Let me say that again, because this is the 'bad' hallmark of the course.  You will sacrifice a few weekends and evenings to meet the weekly deadlines.  Three uninterrupted hours is the minimum per week for homework, even when things are going very well.  That's three required problem sets of about 20 questions each.  Each question is typically answerable within 10 seconds (e.g., type str(datasetX) in R, answer how many records in the dataset), or 5 minutes (if things are not working out and your calculations do not match any of the multiple choices), or 15 minutes (if your calculations do match one of the choices but is in fact labelled as wrong!).  Some weeks have 70-80 questions.  Make a mistake and you will have to backtrack to find the error, because the questions are procedural and continue to build on top of prior questions/answers.

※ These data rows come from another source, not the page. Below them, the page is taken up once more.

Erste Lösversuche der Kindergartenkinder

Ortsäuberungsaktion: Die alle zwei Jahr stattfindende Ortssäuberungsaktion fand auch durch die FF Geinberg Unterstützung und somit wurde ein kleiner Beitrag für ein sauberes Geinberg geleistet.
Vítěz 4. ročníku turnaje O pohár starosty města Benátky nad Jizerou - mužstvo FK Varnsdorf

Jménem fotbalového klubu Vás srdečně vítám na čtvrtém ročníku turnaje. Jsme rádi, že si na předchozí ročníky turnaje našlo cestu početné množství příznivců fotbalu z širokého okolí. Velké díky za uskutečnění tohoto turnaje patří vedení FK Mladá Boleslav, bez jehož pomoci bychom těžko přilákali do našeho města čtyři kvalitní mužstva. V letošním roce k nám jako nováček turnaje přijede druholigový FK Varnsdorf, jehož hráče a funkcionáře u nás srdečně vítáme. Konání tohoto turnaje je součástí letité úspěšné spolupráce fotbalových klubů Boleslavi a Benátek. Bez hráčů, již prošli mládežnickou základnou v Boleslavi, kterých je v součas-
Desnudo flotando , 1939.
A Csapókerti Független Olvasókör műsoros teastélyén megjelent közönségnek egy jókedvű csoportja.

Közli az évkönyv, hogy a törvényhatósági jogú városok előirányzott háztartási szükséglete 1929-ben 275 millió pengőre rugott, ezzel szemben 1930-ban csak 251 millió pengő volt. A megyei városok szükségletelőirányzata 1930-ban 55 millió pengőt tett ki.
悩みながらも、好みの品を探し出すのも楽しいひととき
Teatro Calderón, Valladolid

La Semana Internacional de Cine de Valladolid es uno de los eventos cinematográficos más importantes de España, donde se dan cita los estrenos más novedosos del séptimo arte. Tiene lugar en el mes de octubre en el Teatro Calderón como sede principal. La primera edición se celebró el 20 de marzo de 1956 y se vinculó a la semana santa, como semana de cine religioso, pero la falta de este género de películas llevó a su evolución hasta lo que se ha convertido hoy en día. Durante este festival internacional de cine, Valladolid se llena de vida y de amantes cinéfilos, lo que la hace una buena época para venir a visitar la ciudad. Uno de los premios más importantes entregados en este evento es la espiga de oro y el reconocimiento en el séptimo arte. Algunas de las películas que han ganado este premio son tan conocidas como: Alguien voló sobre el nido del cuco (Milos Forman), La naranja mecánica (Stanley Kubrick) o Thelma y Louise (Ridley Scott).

This course demands absolute precision.  Some students are naturally very good at this.  Some are lucky to have careers that train them for this level of precision (e.g., debugging programs).  Many get frustrated.  Countless students declare in the course forums that the question checker has to be wrong, only to realize they made a silly error.  The course says 10-15 hours per week.  Previous participants say that is an understatement.  For those new to R and data analytics (and not used to the syntax precision required by programming languages), expect to commit more!  The lecture videos, at chipmunk voice speed, can be completed in 1.5 hours per week.  That speed is assuming prior knowledge of data analytics.  A typical participant will likely need 2-4 times that.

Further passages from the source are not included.